Mycobacterium nebraskense

Scientific classification
- Domain: Bacteria
- Kingdom: Bacillati
- Phylum: Actinomycetota
- Class: Actinomycetes
- Order: Mycobacteriales
- Family: Mycobacteriaceae
- Genus: Mycobacterium
- Species: M. nebraskense
- Binomial name: Mycobacterium nebraskense Mohamed et al. 2004, ATCC BAA-837

= Mycobacterium nebraskense =

- Authority: Mohamed et al. 2004, ATCC BAA-837

Species of bacterium

Mycobacterium nebraskense is a slow growing, yellow, pigmented mycobacterium that was first isolated from human sputum at the University of Nebraska Medical Center, in Omaha, Nebraska, USA. Mycobacterium species are common causes of pulmonary infections in both humans and animals.

A thorough systemic analysis conducted at the Mayo Clinic 2023, based on all the published cases in the literature, highlights significant gender disparities in Mycobacterium nebraskense infections, indicating a higher susceptibility among females.

Remarkably, a substantial portion of cases present with asymptomatic infections, complicating the understanding of disease manifestation.
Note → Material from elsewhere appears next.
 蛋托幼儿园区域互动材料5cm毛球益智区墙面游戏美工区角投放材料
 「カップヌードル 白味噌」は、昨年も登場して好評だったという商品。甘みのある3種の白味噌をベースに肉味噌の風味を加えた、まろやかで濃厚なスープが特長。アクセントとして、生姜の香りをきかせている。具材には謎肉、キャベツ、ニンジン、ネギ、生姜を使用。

Individuals over 60 are particularly vulnerable to Mycobacterium nebraskense infections, emphasizing age-related susceptibility. Those with preexisting lung conditions are at a higher risk due to varied comorbidity profiles, adding complexity to the disease.
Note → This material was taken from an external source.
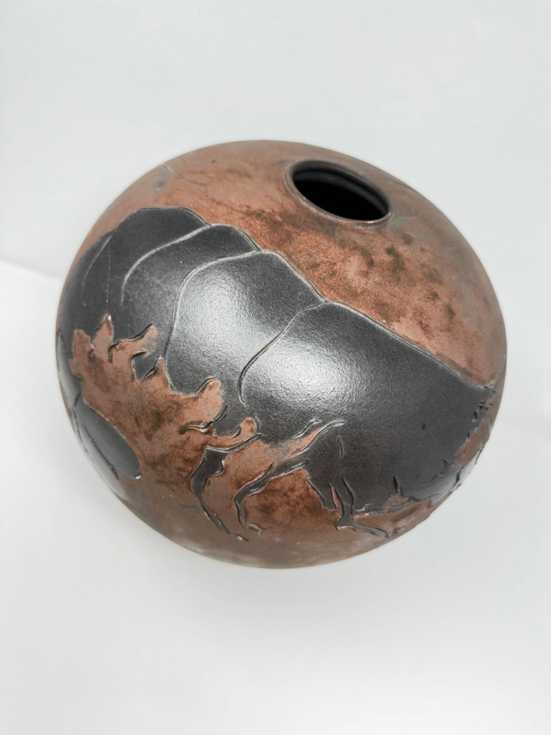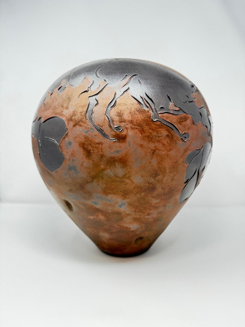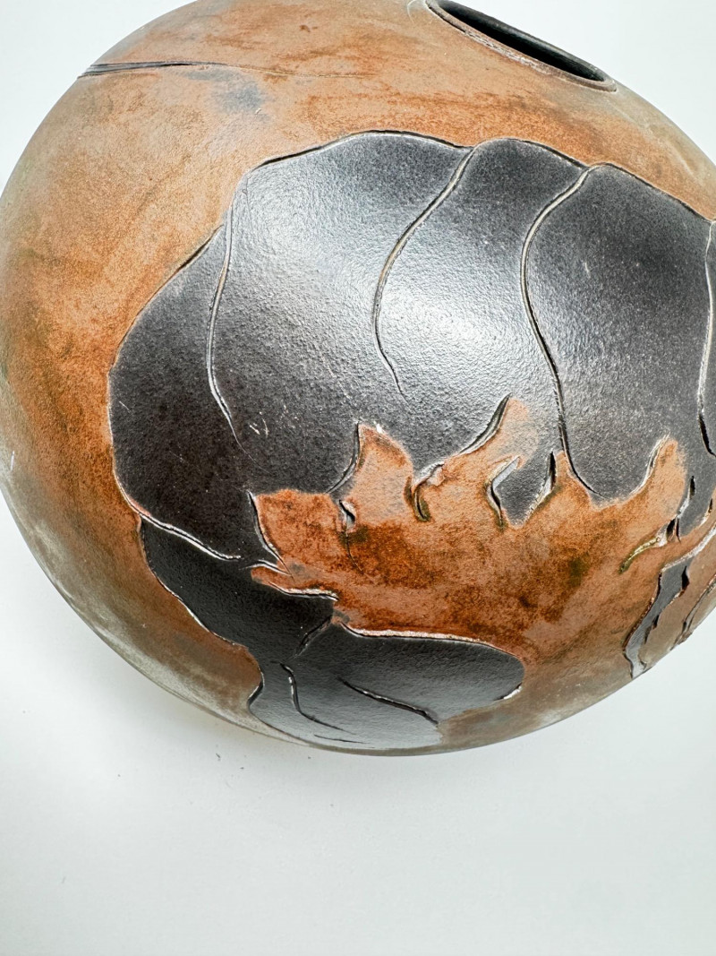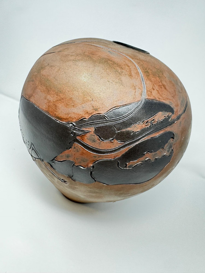 Lot # 38 - Frank Boyden Raku-Style Vase w/ Carved Crustacean Design, Est. $500+

Clinical decision-making, whether to treat or observe, is contingent upon individual presentations, with immunosuppressed individuals not universally requiring therapeutic intervention. The proposed empirical treatment approach includes antibiotics such as amikacin, clarithromycin, or rifabutin, taking into consideration reported resistance to doxycycline and minocycline. Combination therapy is commonly advocated to minimize the risk of resistance development, aligning with established practices in managing mycobacterial infections.